I Cugini di Campagna ("The Countryside Cousins") is an Italian pop band formed in 1970 in Rome. They are well known for their use of falsetto, as well as for their eccentric look (a cross between glam and kitsch).

== Background ==
The band achieved some success with its first single, "Il ballo di Peppe", that was launched by the radio-program Alto Gradimento in 1970. In 1973 the band gained more success with the song "Anima mia", then they achieved a series of commercial hits until the early eighties.
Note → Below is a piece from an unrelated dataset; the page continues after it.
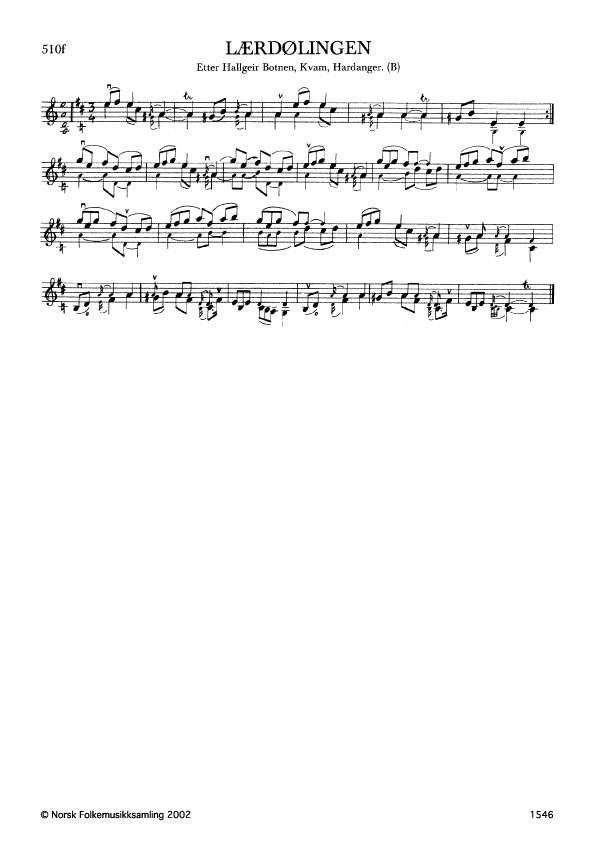 Lærdølingen. Etter Hallgeir Botnen, Kvam, Hardanger. B. 804, 1930. Botnen hadde lært slåtten ikring l900 av Nils Flatabø, Kvam. Han kalla dei "Vinstrehandsplogen" fordi han spela med keiva. Flatabø hadde slåtten etter ein spelemann som var på Lærdalsmarknaden om lag 1840.

After a difficult period the band resurfaced in 1997, with a new lineup, thanks to the RAI TV-show Anima mia, whose success lead to the rediscovery of their eponymous song and the band as a whole.
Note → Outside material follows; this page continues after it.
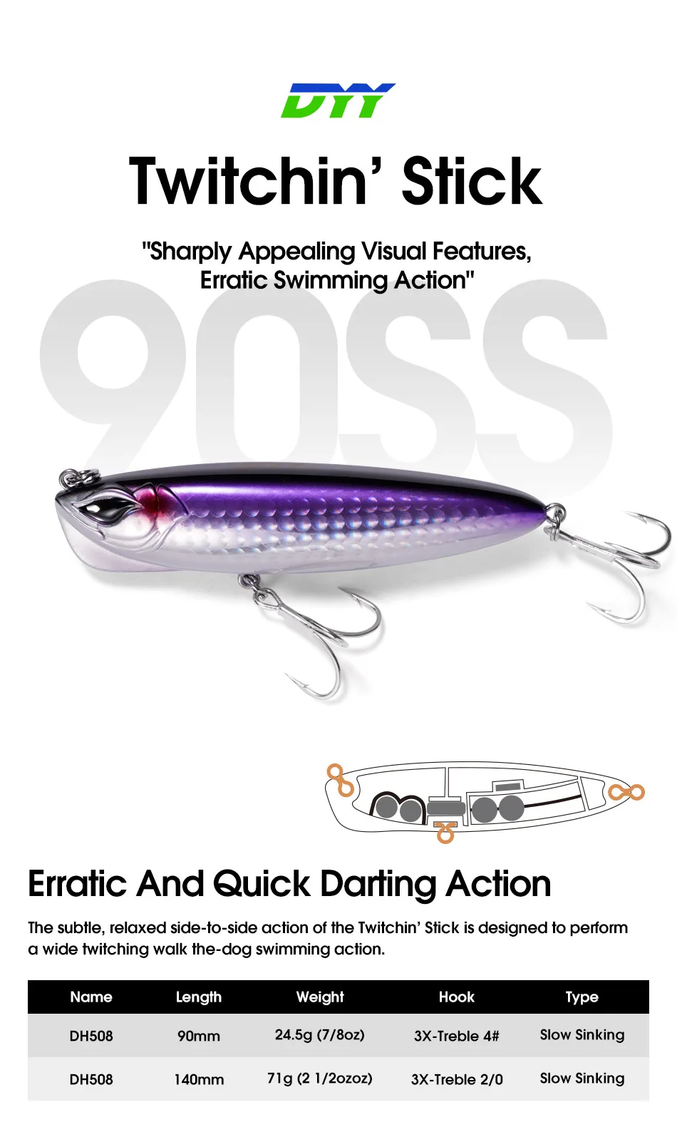 DYY 9cm 24.5g 14cm 71g señuelo de pesca Stickbait lápiz de hundimiento lento Wobbler perro Walker cebo duro Artificial para señuelos de pesca de lubina

"Anima mia" was covered by numerous artists, including ABBA singer Anni-Frid Lyngstad (as "Ett liv i solen", included in her album Frida ensam), Dalida, Bobby Rydell, Claudio Baglioni, Piergiorgio Farina, Gianni Meccia.

Since then, Cugini di Campagna have produced a series of albums, containing both re-arranged versions of their earlier hits as well as new material.

On 4 December 2022, it was officially announced their participation in the Sanremo Music Festival 2023. "Lettera 22" was later announced as their entry for the Sanremo Music Festival 2023.

== Members ==
=== Current members ===
- Ivano Michetti (1970–present) - guitar
- Silvano Michetti (1970–present) - drums
- Tiziano Leonardi (2012–present) - bass
- Nick Luciani (1994–2014; 2021–present), vocals

=== Former members ===
- Flavio Paulin (1970–1977) - vocals
- Gianni Fiori (1970–1972) - keyboards
- Giorgio Brandi (1973–1996) - keyboards
- Paul Manners (1978–1985) - vocals
- Marco Occhetti, aka Kim (1986–1994) - vocals
- Luca Storelli (1997–2011) - keyboards
- Daniel Colangeli (2015–2021) - vocals

== Discography ==
- Selected singles
- 1970 – "Il ballo di Peppe"
- 1972 – "Un letto e una coperta"/"L'uva è nera"
- 1973 – "Anima mia"
- 1973 – "Solo con te"
- 1974 – "Innamorata"
- 1974 – "Un'altra donna"
- 1975 – "64 anni"
- 1975 – "Preghiera"
- 1976 – "È lei"
- 1977 – "Conchiglia bianca"
- 1977 – "Tu sei tu"/"Donna"
- 1978 – "Dentro l'anima"
- 1979 – "Meravigliosamente"
- 1980 – "No tu no"
- 1981 – "Valeria"
- 1982 – "Uomo mio"
- 1985 – "Che cavolo d'amore"
- 1998 – "Amor mio"
- 2002 – "Vita della mia vita"
- 2006 – "Sapessi quanto"
- 2011 – "Mi manchi tu"
- 2023 – "Lettera 22"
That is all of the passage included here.